**What this task involves:**
Sift through the material below and return the lines with "maschile".
--- Data records Enclosed Below ---
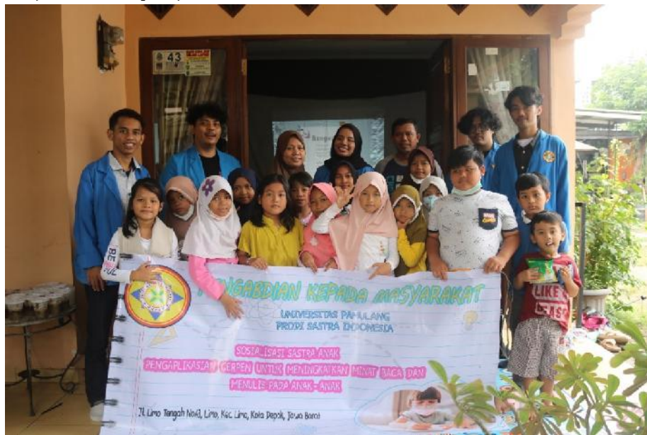
Gambar 7. Foto Bersama peserta PKM dan ketua RT Lingkungan 04 RW 03

Kelompok PKM membuat permainan yaitu menulis kenangan singkat tentang pengalaman anak atau berbagai cerita yang dapat dikarang. Dalam permainan ini kami lebih memilih untuk melatih kreatifitas anak agar mampu membuat cerita dengan cepat kemudian kami meminta para remaja untuk maju dan mempelajari cerita tersebut.
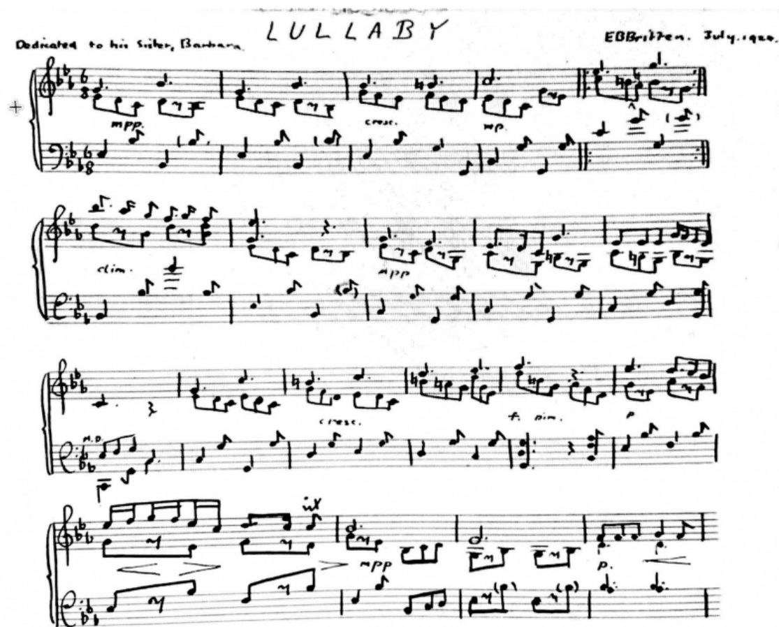
Fig. 2: “Lullaby in Eb”, 1924 (Britten 1924b)
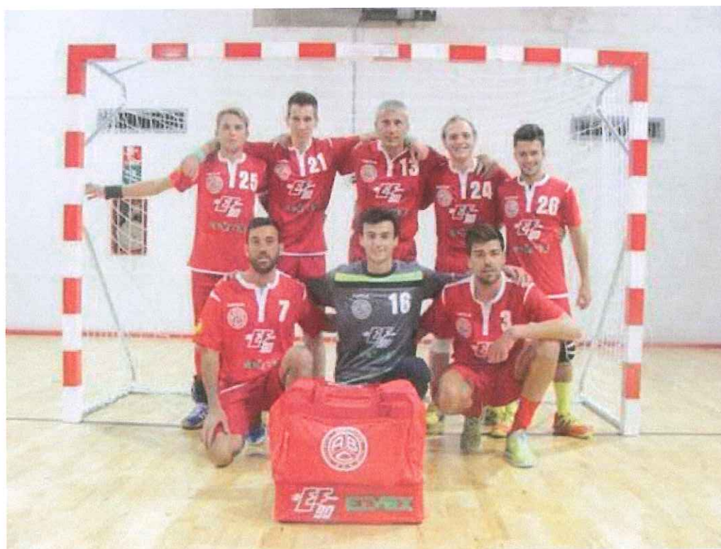
Nella foto la Seniores maschile dell'ABC Bordighera

Superati in scioltezza i francesi del Mougins Mouens-Sartoux (32-20) e il tecnico dei biancorossi è entusiasta: “Grande prova globale”. L’Under 18 maschile cede alla Rappresentativa di Nizza (19-32)
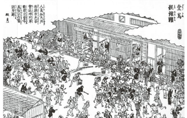
堂島米市場立ち合いの風景 (『摂津名所図会』から)

本講演では、主として、このような数量経済史の方法による江戸時代経済史の新動向をとくに最も着実に研究が進んだ物価史と人口史に焦点を絞って、お話ししたいと思います。
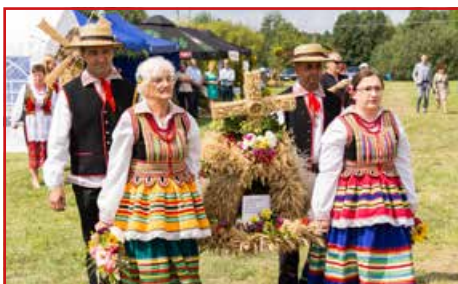
Stowarzyszenie im. I. Kosmowskiej
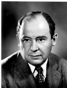
Slika 2: John von Neumann

Prav leta 1947 je von Neumann napisal izrek o krepki dualnosti, ki nam ob predpostavki, da obstaja optimalna rešitev začetnega problema, zagotavlja obstoj optimalne rešitve dualnega problema in trdi, da sta optimalni vrednosti obeh problemov enaki. Kasneje je von Neumann Dantzigu predlagal iterativno nelinearno reševanje.
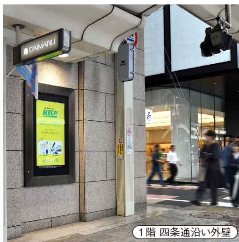
1階 四条通沿い外壁
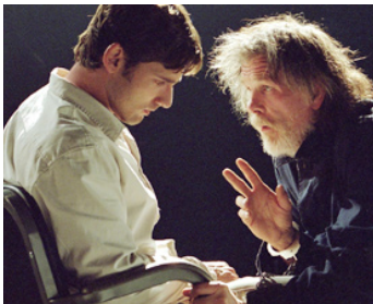
2002 HULK (The Hulk) d'Ang Lee avec Eric Bana
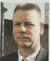
Jean-Luc Javel, Front national (FN).
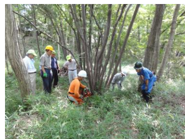
本丸西・出丸で伐倒実技講習
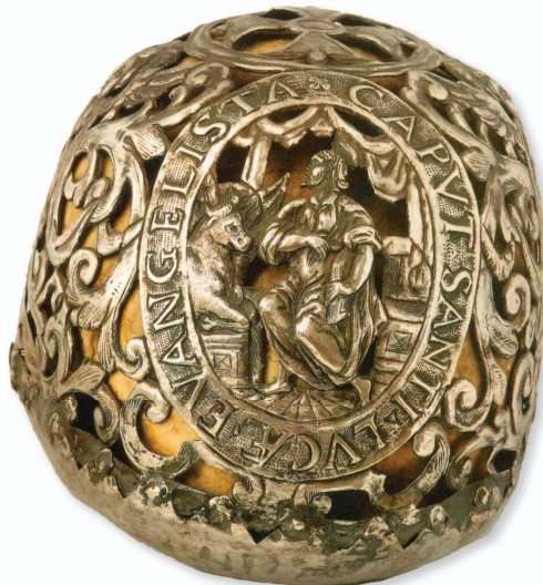
Slika 2. Moćnik glave Sv. Luke iz Dominikanskog samostana u Dubrovniku, 16. stoljeće

zastor tvori scenski efekt, a mladoliki svetac prikazan je kako u jednoj ruci drži liječnički instrument, a u drugoj drži liječničku škrinjicu, svoj ikonografski simbol. Uokolo teče natpis: CAPVT.SANCTI.DAMIANI.MARTIRIS. Na drugom medaljonu prikazan je Sv. Kuzma s istim liječničkim simbolima, u kratkom haljetku s velikim okovratnikom. I ovaj svetački lik, poput Sv. Damjana, iskucan je u perspektivnom prikazu, a perspektivi pridonosi radijalno izvedeno popločanje donje zone reljefa. Zlatar koji ih je izrađivao služio se, po svemu sudeći, grafičkim prikazom iz neke od onodobnih crkvenih knjiga. Oko medaljona teče natpis: CAPVT.SANCTI.COSMIANI.MARTIRIS. Oba medaljona povezana su iskucanim srebrnim reljefom vitica i voćnih girlandi, izvedeni u istoj tehnici “na proboj”, ostavljajući vidljivom lubanju koja se čuva unutar moćnika.
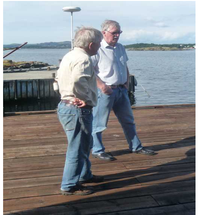
Det var koselig å oppfriske gamle minner.
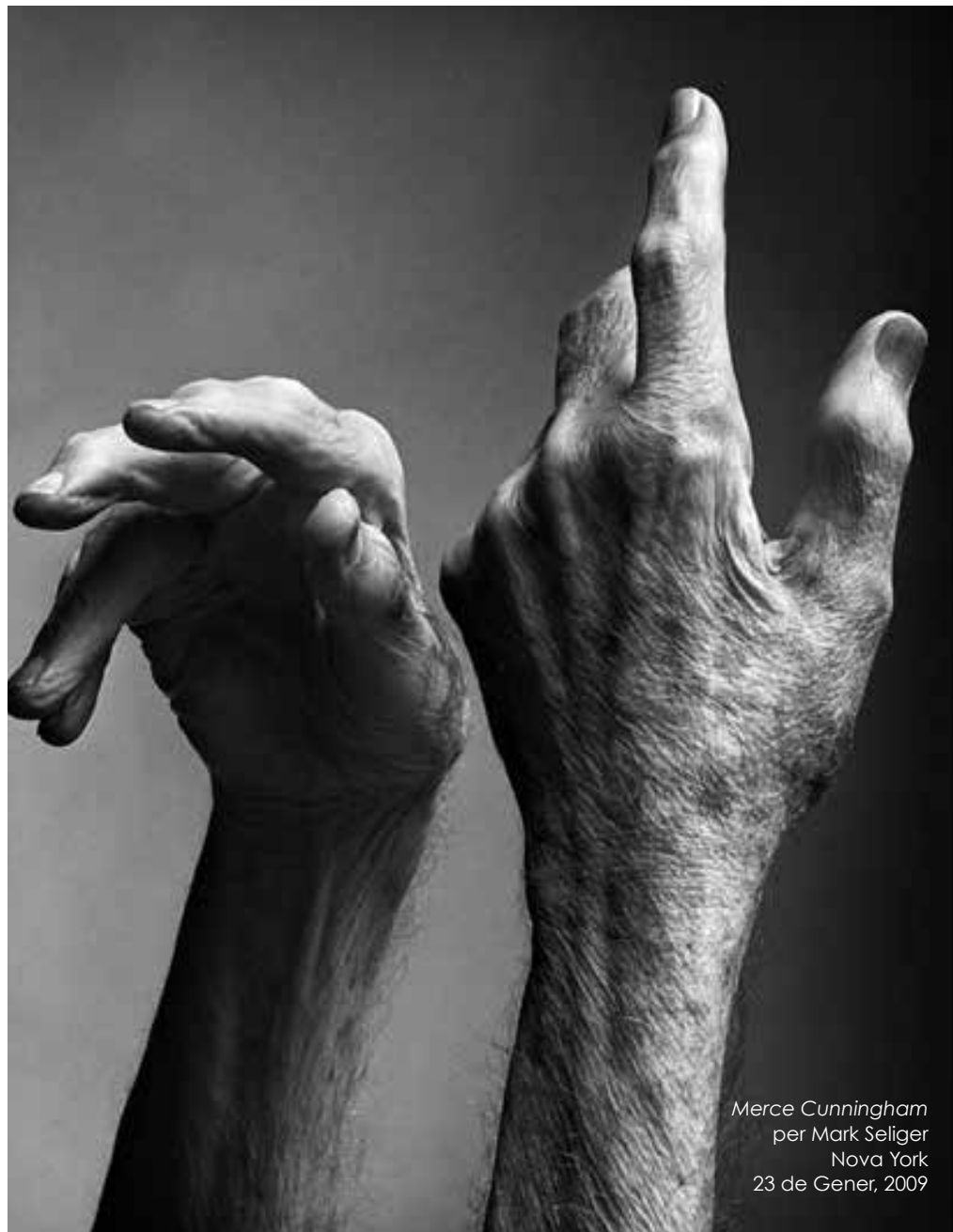
Merce Cunningham Nova York 23 de Gener, 2009
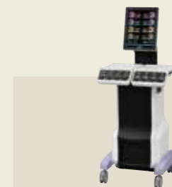
低周波治療器・干渉電流型低周波治療器組合せ理学療法機器 認証番号：231AABZX00011000

超音波の機械的振動を生体に与え、その温熱作用とマイクロマッサージ作用による疼痛緩和や血流促進を目的とした超音波治療器です。通常、超音波治療では1MHzと3MHzの2種類の周波数を使用しますが、SZ-100は1台で両方の治療が可能です。
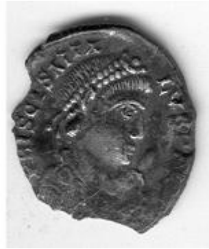
PRISCVS ATTALVS 409-410 / 414-415 d.C.

< http://www.storiadelmondo.com/52/giambonino.bronzi.pdf > in Storiadelmondo n. 52, 7 aprile 2008
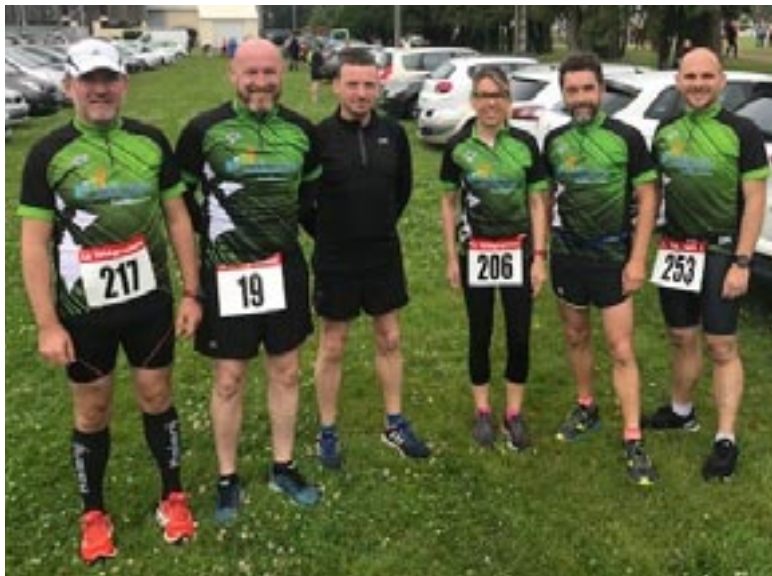
Les Foulées Pluvignaises à Erdeven

Pour maintenir une ambiance sportive et amicale à laquelle les membres de l'association attachent une grande importance, ils organisent durant l'année plusieurs moments festifs (galette des rois par exemple) pour le simple plaisir de se retrouver.
--- End of Enclosed Data records ---
**Result for this exercise:**
Nella foto la Seniores maschile dell'ABC Bordighera
Superati in scioltezza i francesi del Mougins Mouens-Sartoux (32-20) e il tecnico dei biancorossi è entusiasta: “Grande prova globale”. L’Under 18 maschile cede alla Rappresentativa di Nizza (19-32)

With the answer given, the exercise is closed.